Le reclus de Moixiens : Job

Par Unpeudetao

Pauvre et riche, infirme et sain,
prêtez-moi quelque attention,
et puis je prendrai congé de vous.
Craignez un homme que je crains.
C’est Job, qui souffrit maint coup dur.
Job, quand on l’eut logé sur le fumier,
eut le corps tout envenimé,
mais jamais son coeur ne s’éloigna
de Dieu pour rien ni pour beaucoup.
Pensons à Job, vous et moi,
car nous serons jugés par Job,
quand nous viendrons devant la face de Dieu.
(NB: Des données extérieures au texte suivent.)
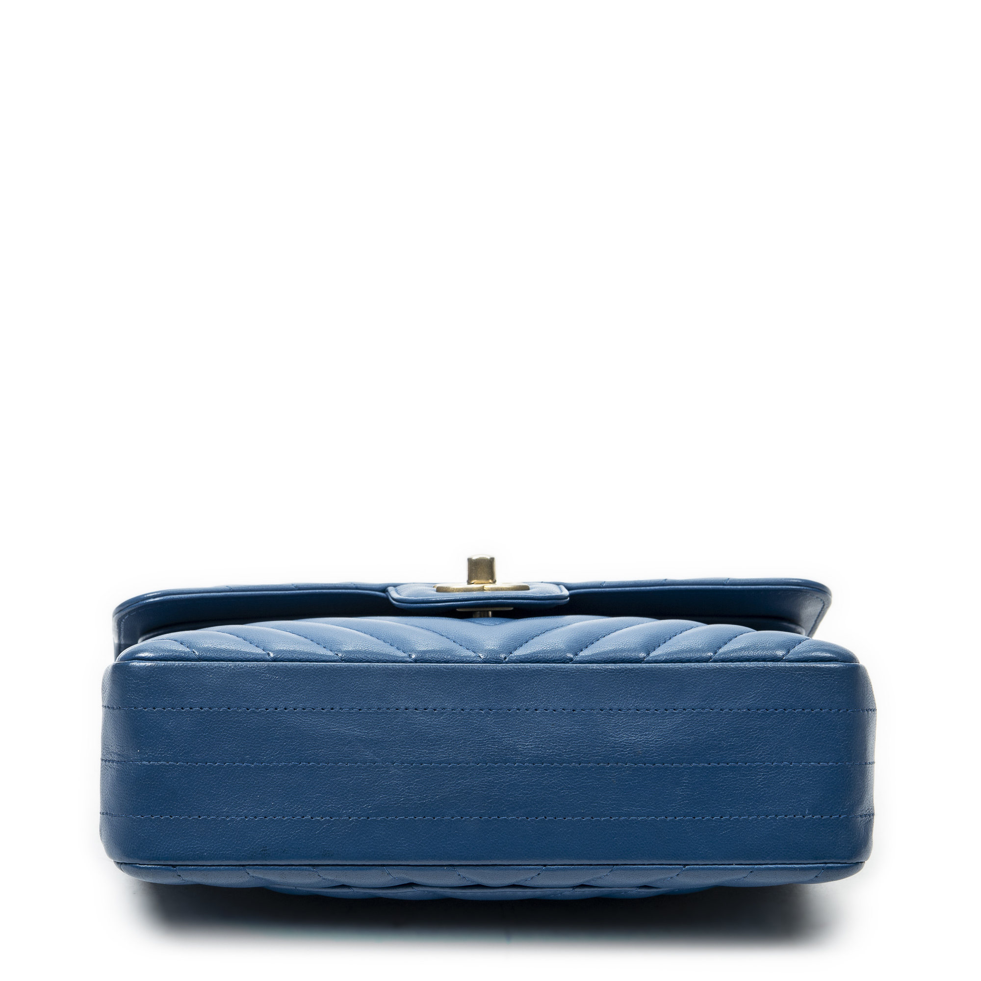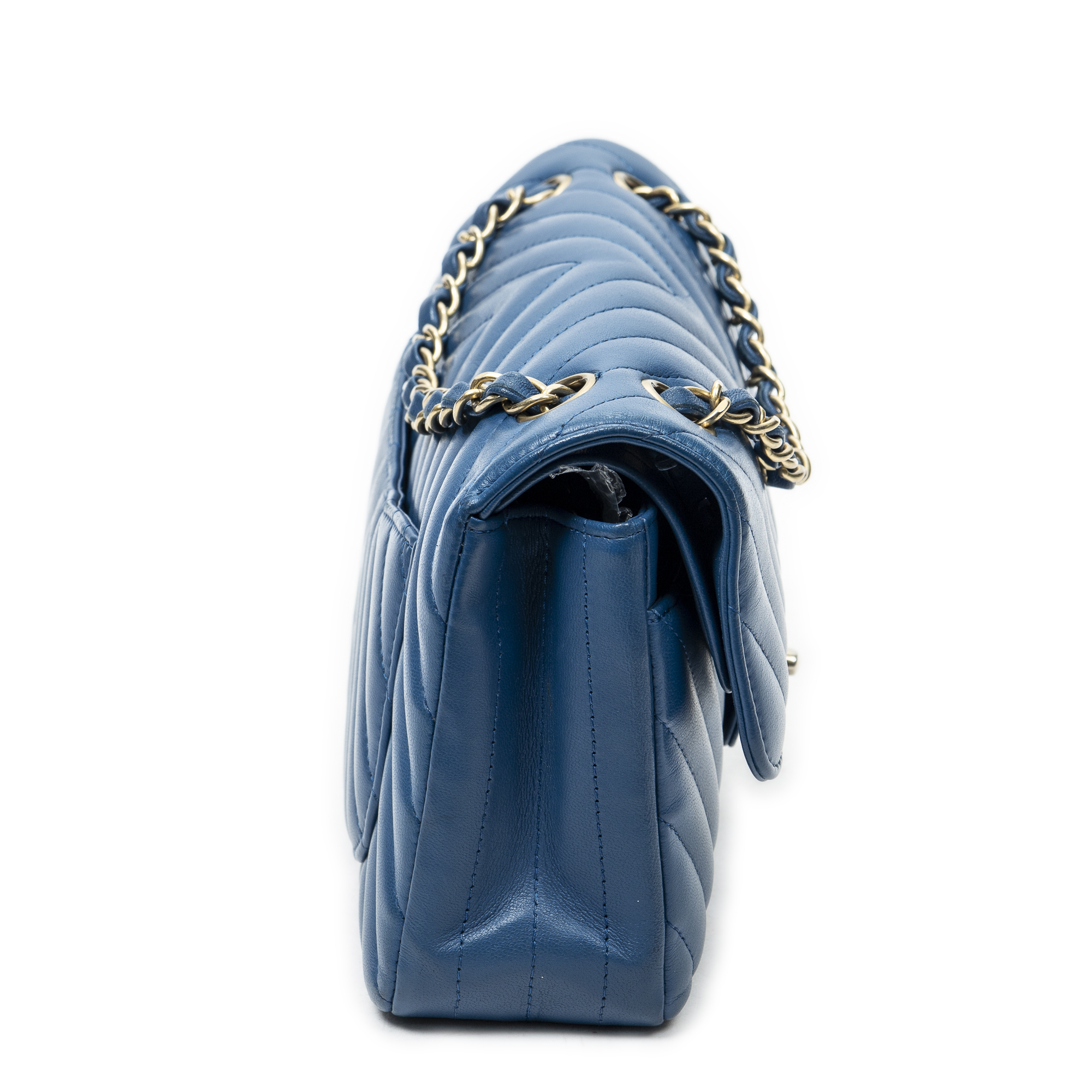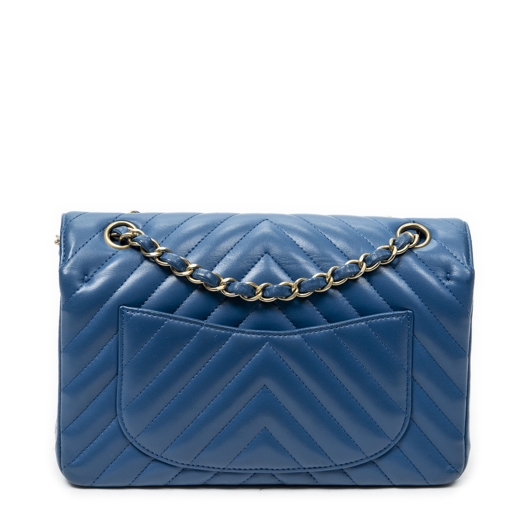 Chanel Shoulder Bag Classic Double Flap 23 in Blue Quilted Chevron Lambskin Leather and Gold hardware. The product is in Perfect Condition (AA).
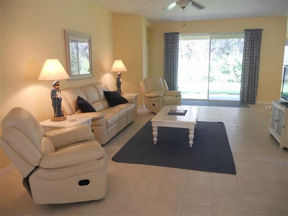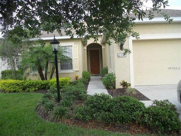 This NEAL home in popular FOREST CREEK is in MINT condition, lived in only several weeks a year! The Blue Sky floor plan features 3 bedrooms plus den with double doors. Very OPEN plan with volume ceilings, Ceramic floors throughout except bedrooms. It's a split bedroom plan for privacy. The Great room is open to the Formal dining room and breakfast bar to the large kitchen with dinette at the end. Lots of Corian counter tops, includes all appliances, washer and dryer. The 16 ft. Master bedroom has walk-in closet plus a double closet, great master bath with 2 lavatories and large WALK-IN Roman shower and private commode room. Lovely window treatments included. Sliding doors in the Great room opens to a covered lanai and VERY PRIVATE view in the back. The 2 car attached garage includes garage door opener and pull down stairs for storage above. Hurricane shutters. Reclaimed water for sprinklers included in maintenance fee. 1 yr. mechanical warranty at closing paid by Realtor. Sold as is only because owners live out of state. Far as they know, everything is in good working condition. FOREST CREEK is a lush, beautifully landscaped, gated community. Has a gorgeous 18 acre lake with fishing dock, gazebos and a canoe/kayak launch area. Community amenities include Clubhouse, Pool, Spa, fitness room, basketball court, playgrounds, paved nature trails and 2 dog parks. It's conveniently located between Tampa/St.Pete and Bradenton/Sarasota, shopping mall and Publix. Note:Taxes will lower with Homestead. Inc.CDD fees.
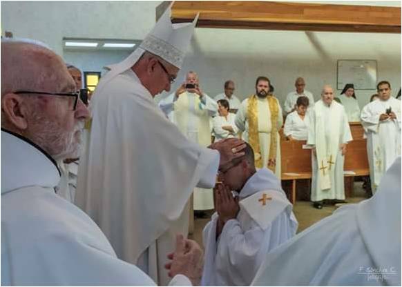 El rito esencial del sacramento del Orden está constituido, para los tres grados, por la imposición de manos del obispo sobre la cabeza del ordenando, así como por una oración consecratoria específica que pide a Dios la efusión del Espíritu Santo y de sus dones apropiados al ministerio para el cual el candidato es ordenado (cf Pío XII, Const. ap. Sacramentum Ordinis, DS 3858)
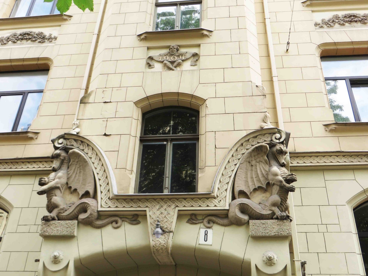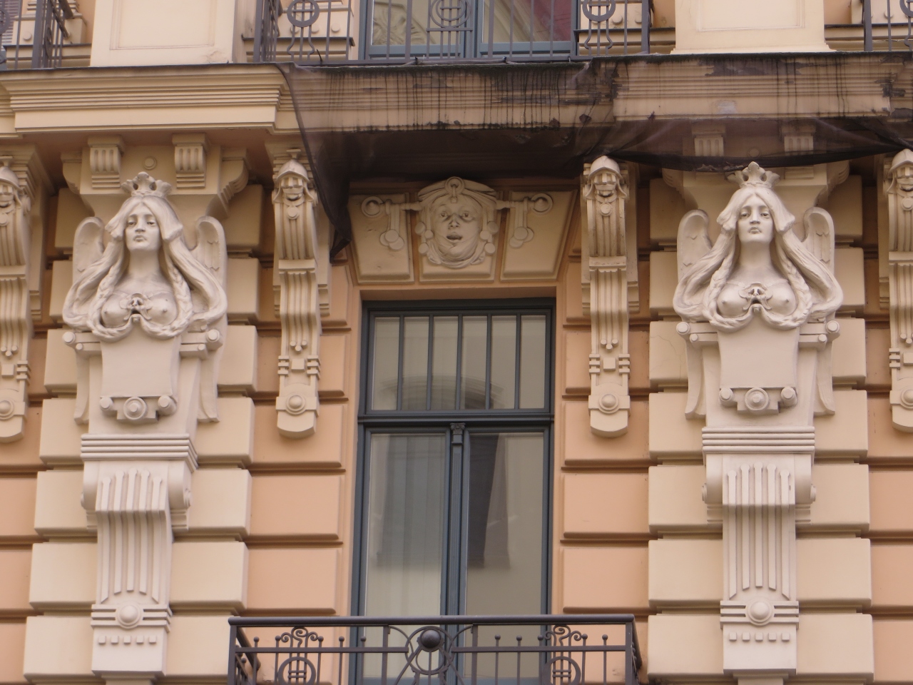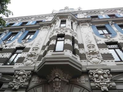 リガの新市街地のアルベルト通りとエリザベス通りには、「ユーゲントシュティール建築群」の旗手ミハエル・エイゼンシュタイン(1867~1921)の独創的な建築を見ることが出来る。
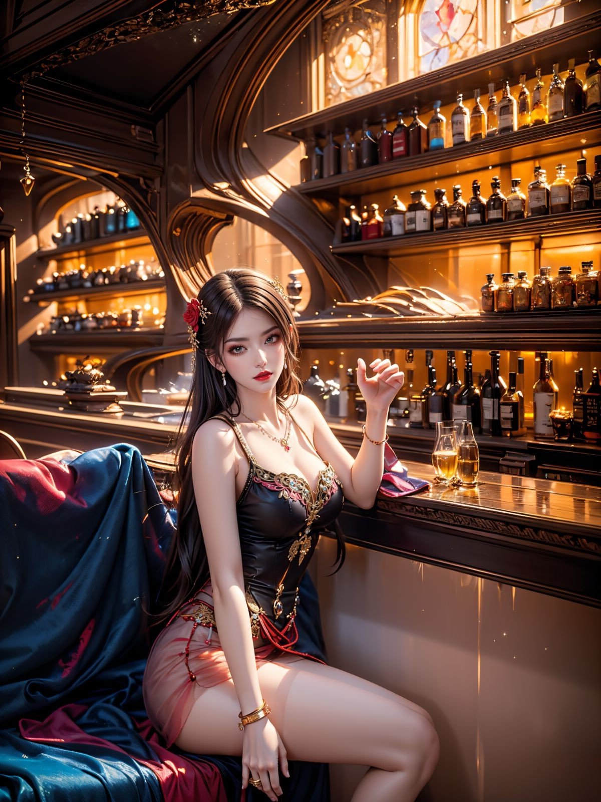 This image showcases the impressive AI Generated Zhetian Jin Yan Part01 character. She is depicted as a powerful yet incredibly seductive female warrior adorned in exquisite fantasy armor. Every detail from her dark flowing hair to her captivating gaze is rendered with realistic AI graphics emphasizing her mystical beauty. The intricate metallic armor with its elegant curves not only provides protection but also accentuates her alluring physique. This is more than just an image it is a work of AI graphic art opening a gateway into the enchanting fantasy world of Zhetian. Jin Yans regal beauty and inherent strength are sure to captivate every viewer.
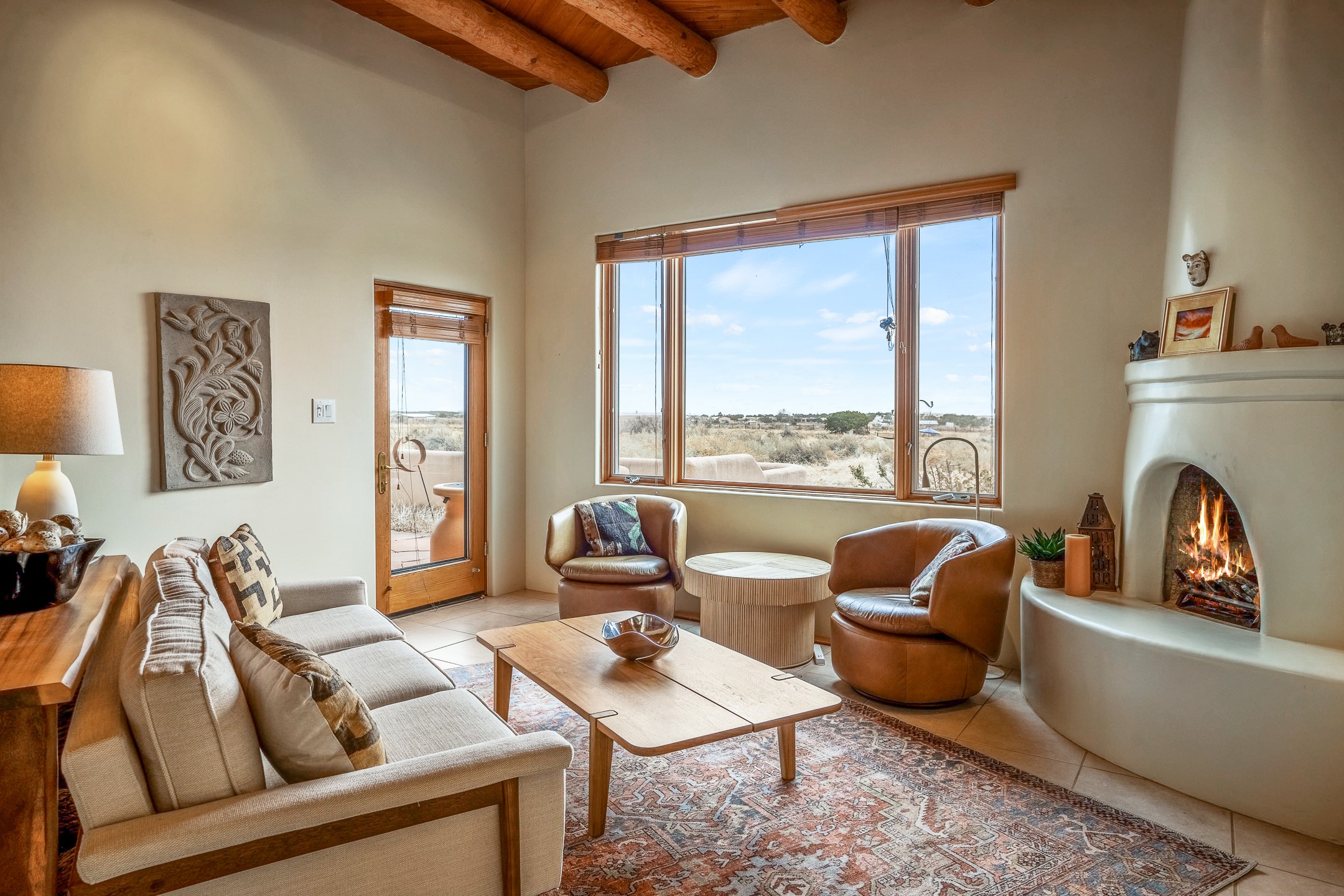 Experience the perfect blend of elegance, comfort, and breathtaking views in this stunning 4 bedroom, 2 bath home, set on a premier 6.85 acre lot in the sought after La Paz at Eldorado. Overlooking the Ortiz and Sandia mountains, this residence offers a peaceful retreat with unparalleled New Mexico sunrises and sunsets. Step inside to a light-filled living area featuring high ceilings, vigas, and a charming kiva fireplace. The well-appointed kitchen boasts stainless steel appliances, granite countertops, and an inviting dining area. The spacious primary suite is a private sanctuary, complete with its own kiva fireplace, a luxurious bath with a soaking tub and walk-in shower, a California closet system, and French doors leading to the serene rear courtyard. The three additional bedrooms provide versatility and ample space, with one currently serving as the Seller's inspiring art studio. Outdoor, a covered patio, pergola, and walled courtyard create an intimate setting for relaxation or entertaining, seamlessly extending your living space into the natural beauty of Northern New Mexico. This exceptional home offers the best of Santa Fe living. https://38-carissa-road.robyntyra.com
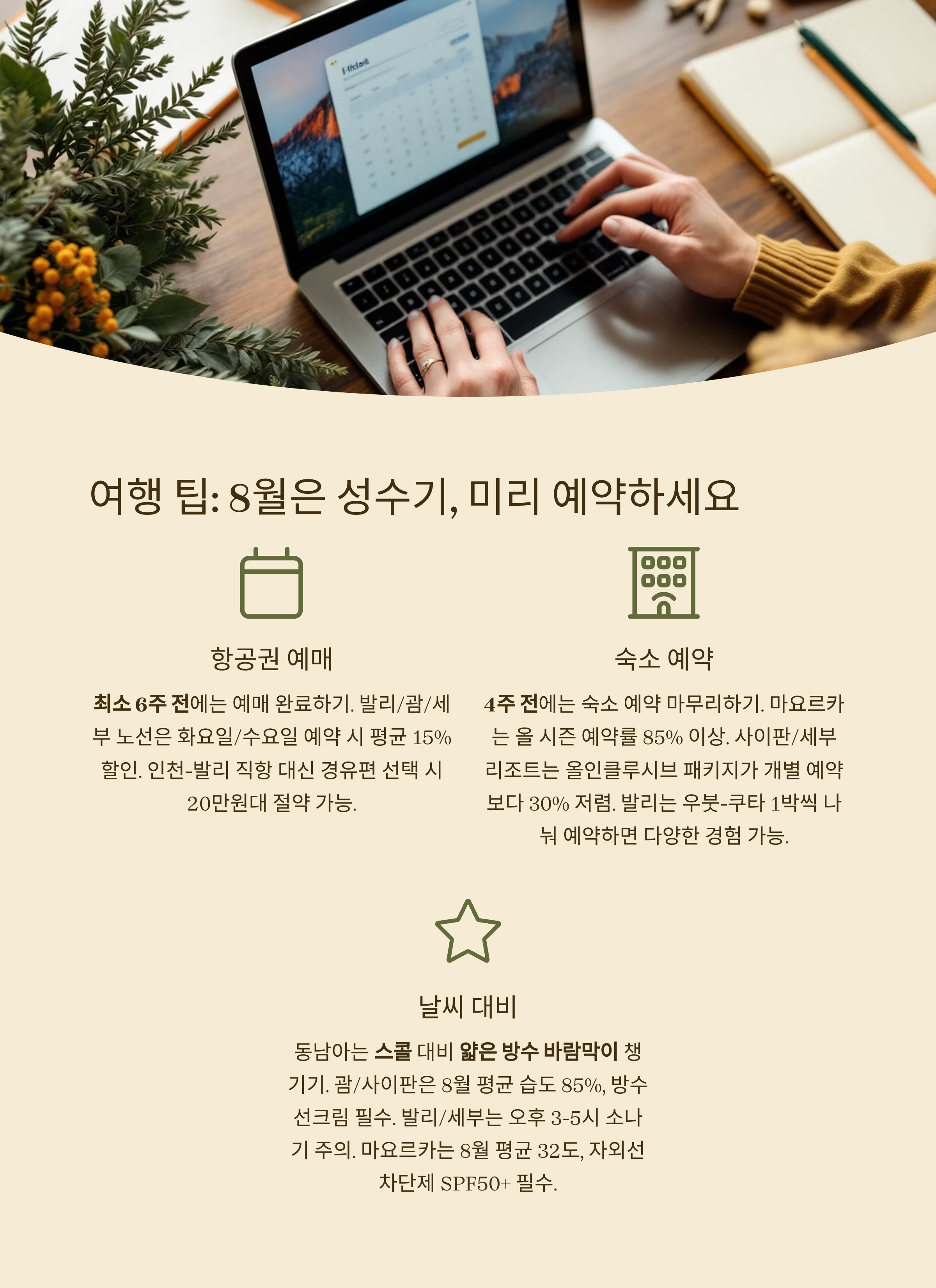 여행 팁: 8월은 성수기, 미리 예약은 필수예요

Job fut ardent en charité,
Job fut donneur non retardataire,
Job fut le père des orphelins,
Job fut le défenseur des veuves,
Job fut le redresseur des torts,
Job fut le cousin des étrangers,
Job fut le secours de ses voisins,
Job fut l’hôte des pèlerins,
Job ne rendait pas le mal,
Job fut simple et sans ruse,
Job fut éprouvé comme l’or fin.
Job s’entendit à toutes les vertus.

Job n’usa pas de richesse
comme le monde en a l’habitude,
car beaucoup en usent mal.
Job ne musa pas au monde,
Job renonça aux mauvais usages.
Aujourd’hui j’en vois beaucoup qui musent
et peu qui renoncent aux mauvais usages :
ils refusent d’honorer ce qu’on doit honorer ;
mais Job jamais ne le refusa.
J’en vois beaucoup qui s’excusent
de ce dont leur coeur les accuse,
mais Job jamais ne s’excusa.

Job donna des preuves de sa charité ;
il n’attendait pas qu’on le priât.
Où sont ceux qui donnent telles preuves ?
Job ne couva jamais nul trésor,
tant qu’il trouva à qui donner.
Mais maintenant les pauvres trouvent peu d’hommes
qui leur donnent, même quand ils les implorent ;
et quelques-uns regrettent leur don,
mais Job jamais ne se le reprocha.
Que devient ce que les avares couvent ?
Les diables incarnés découvrent tout,
et peu ou néant en tourne à profit. (..)

 
Le reclus de Moixiens (Premier tiers du XIIIe siècle).
Traduit du picard (Extrait de Carité, in Anthologie poétique française. Moyen Âge 1).